Securities law is a very specialized type of law. As a result, regulatory bodies such as the Securities and Exchange Commission (SEC) recruit securities lawyers in law firms to join the SEC. Many lawyers that join do so with the intent of gaining experience and leveraging their time at the SEC into a higher paying position with a Wall Street law firm.
While there is nothing inherently wrong with the practice, it leads to the question of whether the “revolving door” strategy potentially impacts investor protection, as attorneys avoid upsetting potential future employers. This question becomes significant in light of the SEC’s ongoing hesitancy to address and decide the issue of a universal fiduciary standard.
Fiduciaries are required to always act in the best interests of a client. Investment advisers are held to said fiduciary standard. Stockbrokers and other financial advisors are arguably held to a much lower standard, a so-called suitability standard, which allows them to put their own financial self-interests ahead of their customers.
The Dodd-Franks Act allows Congress and the SEC to address this obvious inequity. Yet both continue to drag their feet and present disingenuous arguments as to why a universal fiduciary standard would not be good for the public. My guess is that if you were to poll people on the street and ask them – “Should financial advisors be allowed to put their financial self-interests ahead of their customer’s financial self-interests?” – The answer would be a resounding “no!” Pure common sense tells you as much.
And yet, the continuing lack of action by both the SEC and Congress bring to mind the popular refrain from the play “1776,” “piddle, twiddle and resolve, not a damned thing do we solve.” The question, still unanswered by both the SEC and Congress, is simple – “What is so onerous or unfair in requiring that stockbrokers and other financial advisors always put their customer’s best interests first?”
So, we return to the potential issue of the SEC’s “revolving door” and its potential impact on investor protection. The suggestion that the SEC’s staff is leery of approving a universal fiduciary standard due to the possible repercussions it may have on future employment opportunities is interesting, given the recent announcement by FINRA, one of the investment industry’s regulators. In Regulatory Notice 12-25, FINRA clearly stated that stockbrokers are always required to put their customers’ best interests first, citing several enforcement actions and legal decisions supporting their position. Therefore, the SEC could justify their decision to adopt a universal fiduciary standard as simply an attempt to harmonize a universal position.
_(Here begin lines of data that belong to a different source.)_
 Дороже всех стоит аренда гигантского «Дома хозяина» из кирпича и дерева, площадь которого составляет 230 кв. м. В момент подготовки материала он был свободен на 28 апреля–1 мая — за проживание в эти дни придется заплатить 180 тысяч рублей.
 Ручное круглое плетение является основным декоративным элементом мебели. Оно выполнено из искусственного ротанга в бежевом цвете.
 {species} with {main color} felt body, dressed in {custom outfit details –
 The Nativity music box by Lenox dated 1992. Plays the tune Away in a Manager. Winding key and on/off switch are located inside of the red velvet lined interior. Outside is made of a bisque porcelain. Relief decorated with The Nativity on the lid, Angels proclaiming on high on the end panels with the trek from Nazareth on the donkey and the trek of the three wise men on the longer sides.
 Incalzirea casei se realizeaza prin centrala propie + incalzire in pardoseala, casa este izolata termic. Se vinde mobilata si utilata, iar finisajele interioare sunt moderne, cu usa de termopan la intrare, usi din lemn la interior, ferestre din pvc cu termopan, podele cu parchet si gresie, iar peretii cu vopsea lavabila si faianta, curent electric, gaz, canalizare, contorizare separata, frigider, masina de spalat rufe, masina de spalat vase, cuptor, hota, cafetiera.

Furthermore, legal decisions have firmly established that stockbrokers and other financial advisors managing investor accounts on a discretionary basis are fiduciaries. The courts have also held stockbrokers and other financial advisors to a fiduciary standard where a customer lacks the knowledge and experience to properly understand and handle their own account, resulting in a customer routinely following their advisor’s recommendations. The SEC could simply point to these cases in support of following cases recognizing the need to protect the public against unethical practices.
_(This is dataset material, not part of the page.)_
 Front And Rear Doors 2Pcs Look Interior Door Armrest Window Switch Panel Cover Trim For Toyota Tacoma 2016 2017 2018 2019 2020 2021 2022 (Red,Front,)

Common sense dictates that stockbrokers and other advisors should not be allowed to put their own financial interests ahead of their customer best interests. The late General Norman Schwarzkopf once said that “[t]he truth is, we all know the right thing to do. The hard part is doing it.” Hopefully the SEC will heed General Schwarzkopf’s advice and honor their mission statement by stepping up and doing the right thing.